**Problem requirements:**
Reproduce exactly, and only, the lines of the material below running from the line bearing "Interestingly, preferences for" through the line bearing "The photograph showcases". Leave any pictures out.

**Available records:**
<<<<

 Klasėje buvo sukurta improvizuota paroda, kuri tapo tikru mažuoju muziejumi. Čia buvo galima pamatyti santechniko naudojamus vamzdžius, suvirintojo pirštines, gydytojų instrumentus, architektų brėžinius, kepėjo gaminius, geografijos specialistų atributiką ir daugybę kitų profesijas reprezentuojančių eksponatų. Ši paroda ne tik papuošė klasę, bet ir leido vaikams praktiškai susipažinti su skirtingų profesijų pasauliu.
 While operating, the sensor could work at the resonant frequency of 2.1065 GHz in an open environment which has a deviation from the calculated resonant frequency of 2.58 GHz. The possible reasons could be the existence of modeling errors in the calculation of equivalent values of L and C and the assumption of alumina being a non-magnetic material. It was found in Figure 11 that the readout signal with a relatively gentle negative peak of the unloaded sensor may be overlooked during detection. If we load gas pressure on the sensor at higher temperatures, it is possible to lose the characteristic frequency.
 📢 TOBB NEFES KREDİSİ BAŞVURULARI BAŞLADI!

>>>>
<<<<

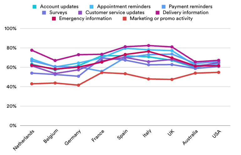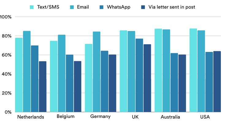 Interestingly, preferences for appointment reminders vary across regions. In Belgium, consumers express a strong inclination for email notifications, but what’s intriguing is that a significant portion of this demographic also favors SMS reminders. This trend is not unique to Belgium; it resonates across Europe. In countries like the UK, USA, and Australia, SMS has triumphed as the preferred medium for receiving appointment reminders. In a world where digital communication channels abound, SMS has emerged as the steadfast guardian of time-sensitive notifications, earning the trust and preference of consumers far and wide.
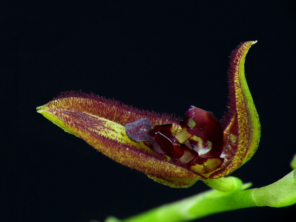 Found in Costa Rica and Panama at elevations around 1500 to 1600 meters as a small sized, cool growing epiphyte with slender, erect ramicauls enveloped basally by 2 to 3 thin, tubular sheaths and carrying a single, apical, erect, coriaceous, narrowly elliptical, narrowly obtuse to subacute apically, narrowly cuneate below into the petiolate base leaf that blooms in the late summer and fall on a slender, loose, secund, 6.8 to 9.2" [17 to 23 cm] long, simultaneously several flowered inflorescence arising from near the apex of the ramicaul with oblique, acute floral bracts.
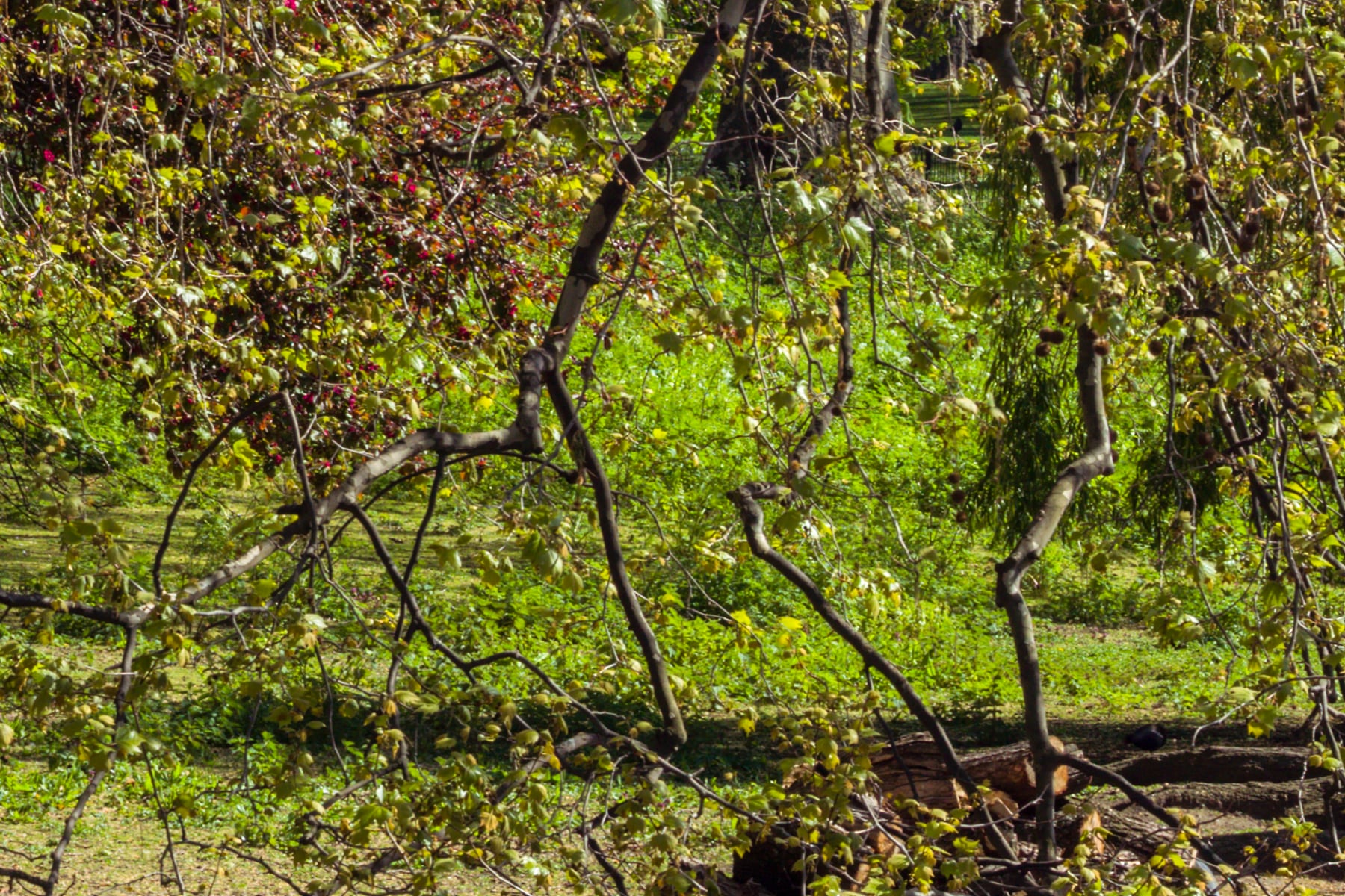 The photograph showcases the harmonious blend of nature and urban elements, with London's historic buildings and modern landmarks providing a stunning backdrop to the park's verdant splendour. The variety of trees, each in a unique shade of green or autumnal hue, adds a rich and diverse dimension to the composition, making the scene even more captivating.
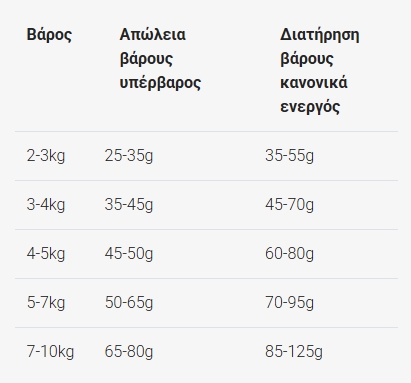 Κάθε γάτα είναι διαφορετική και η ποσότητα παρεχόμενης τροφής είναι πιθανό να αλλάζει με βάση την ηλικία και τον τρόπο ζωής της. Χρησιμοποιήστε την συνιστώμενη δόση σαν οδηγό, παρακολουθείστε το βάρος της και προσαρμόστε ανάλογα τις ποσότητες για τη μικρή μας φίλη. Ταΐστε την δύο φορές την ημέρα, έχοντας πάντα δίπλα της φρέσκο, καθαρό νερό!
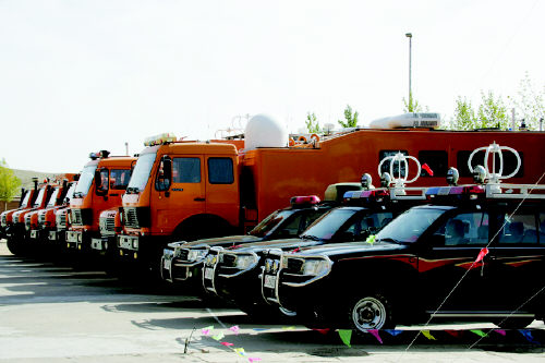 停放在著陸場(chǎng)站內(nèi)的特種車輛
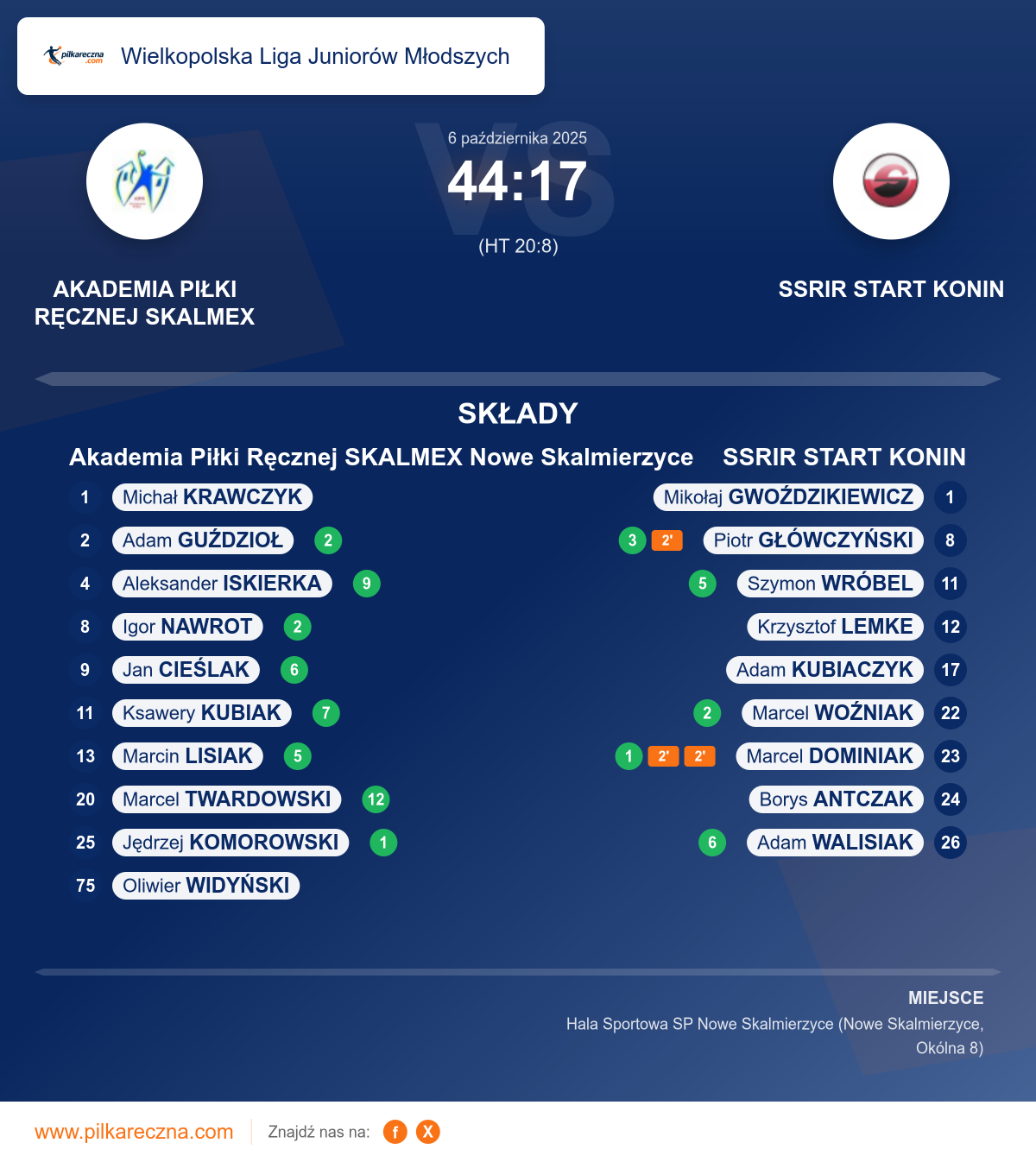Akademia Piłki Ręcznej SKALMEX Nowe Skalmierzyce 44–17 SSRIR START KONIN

>>>>

**Exercise output:**
 Interestingly, preferences for appointment reminders vary across regions. In Belgium, consumers express a strong inclination for email notifications, but what’s intriguing is that a significant portion of this demographic also favors SMS reminders. This trend is not unique to Belgium; it resonates across Europe. In countries like the UK, USA, and Australia, SMS has triumphed as the preferred medium for receiving appointment reminders. In a world where digital communication channels abound, SMS has emerged as the steadfast guardian of time-sensitive notifications, earning the trust and preference of consumers far and wide.
 Found in Costa Rica and Panama at elevations around 1500 to 1600 meters as a small sized, cool growing epiphyte with slender, erect ramicauls enveloped basally by 2 to 3 thin, tubular sheaths and carrying a single, apical, erect, coriaceous, narrowly elliptical, narrowly obtuse to subacute apically, narrowly cuneate below into the petiolate base leaf that blooms in the late summer and fall on a slender, loose, secund, 6.8 to 9.2" [17 to 23 cm] long, simultaneously several flowered inflorescence arising from near the apex of the ramicaul with oblique, acute floral bracts.
 The photograph showcases the harmonious blend of nature and urban elements, with London's historic buildings and modern landmarks providing a stunning backdrop to the park's verdant splendour. The variety of trees, each in a unique shade of green or autumnal hue, adds a rich and diverse dimension to the composition, making the scene even more captivating.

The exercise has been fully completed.